How likely am I to inherit FTD?

In people with abnormalities in these genes there is a 50 per cent chance that the abnormal version of the gene will be passed on to their children.

However there are a couple of important things to know:

• The age at which symptoms of FTD begin is very variable. Some people develop FTD around the same age that their parent developed it. However for other people there can up to twenty years difference in the age that FTD develops.
• In some of the genes, particularly GRN and C9orf72, there can be something that is called age-related penetrance. This means that although someone may carry the genetic mutation they may only develop FTD in older age or not at all.

How is familial FTD diagnosed?

Usually a diagnosis of FTD has already been made by a specialist by performing a series of tests including a scan of the brain.

A genetic test can then be performed on a blood sample in people who the specialist thinks may have a genetic cause of their FTD.

The test is usually done because a number of other family members have FTD or an associated disorder. However it is also done by some specialists when symptoms or brain scans suggest familial FTD.

What can I do if a relative has familial FTD?

In families who are known to have a gene abnormality, expert genetic advice is important.

If you are worried about your risk of developing familial FTD or wish to discuss it further, your GP or primary care physician will be able to refer you to a specialist genetics service to discuss your concerns and arrange genetic testing if needed.

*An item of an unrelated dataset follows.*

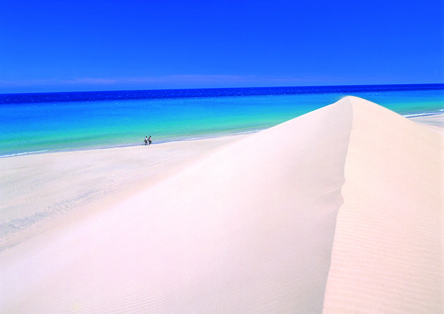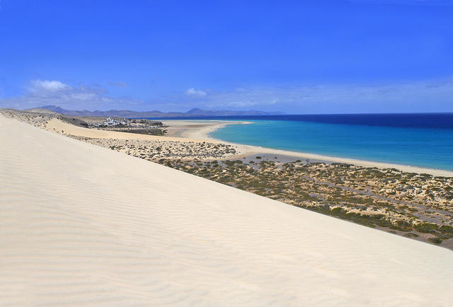 Fuerteventura is the closest of the Canary Islands to the coasts of Africa, less than 100 kilometers away. Named a world Biosphere reserve, the island is over 100 Km long and 30 wide, counting on 152 beaches, many with a turqoise water and with golden sand. The island however has much more to offer,being an ideal destination for film producers, artists who desire to be in touch with the tranquillity of nature and desert landscapes, events organizers, honeymooners searching for romanticism, families with children and teenagers and also for all those who enjoy keeping fit. Hiking, biking, running in the dunes, playing golf or tennis, getting adventurous on a jeep or quad safari by the volcanos or in the island remote corners are just an example of the various sports that can be played. The perfect destination to relax, breath fresh and pure air, treat the body and mind in one of the many spa or thalassotherapy centres or try a local Aloe Vera treatement, well known for its curative power. Taste exotic local fruits such as papaya, mango, platano canario and avocado. Water sports lovers consider Fuerteventura an heaven with a multitude of activities, kiteboarding, surfing, wind surfing, fishing, sailing and scuba diving are just an idea of what you can get. A 365 days destination, thanks to its wonderful climate rarely falling below 18C or rising above 32C, Fuerteventura is connected directly with main cities throughout Europe in each part of the year making it simple to organize a vacation in the island of dreams.

The results of any genetic test have important implications not only for the person being tested but also for the rest of the family. It is important to discuss these carefully with someone who has expertise in genetic counselling, and also with the family, before any genetic tests are performed.

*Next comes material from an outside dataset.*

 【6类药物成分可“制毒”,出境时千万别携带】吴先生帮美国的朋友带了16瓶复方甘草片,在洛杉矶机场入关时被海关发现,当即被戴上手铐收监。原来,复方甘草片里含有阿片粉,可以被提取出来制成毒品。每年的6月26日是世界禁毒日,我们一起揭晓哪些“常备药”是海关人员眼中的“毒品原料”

What support is available?

The Familial FTD support group has been set up to help members of families with familial FTD.

The aim is to provide the opportunity for people to find out more information about familial FTD and to meet other similar families.

The website can be found at www.raredementiasupport.org where more information is available.

Another useful organization is the Genetic Alliance – www.geneticalliance.org.uk

Is there research into familial FTD?

The Genetic FTD Initiative or GENFI is a group of research centres across Europe and Canada studying familial FTD.

The aim is to gain a better understanding of the disorder using brain imaging, blood and spinal fluid tests, and psychology testing. GENFI studies people who are over the age of 18 and have a first-degree relative with familial FTD. More information is available at www.genfi.org.

A similar study in the US is called ALLFTD, and in Australia is called DINAD – more information is available on the website of the FTD Prevention Initiative or FPI, which brings together all of the familial FTD studies in the world: www.thefpi.org.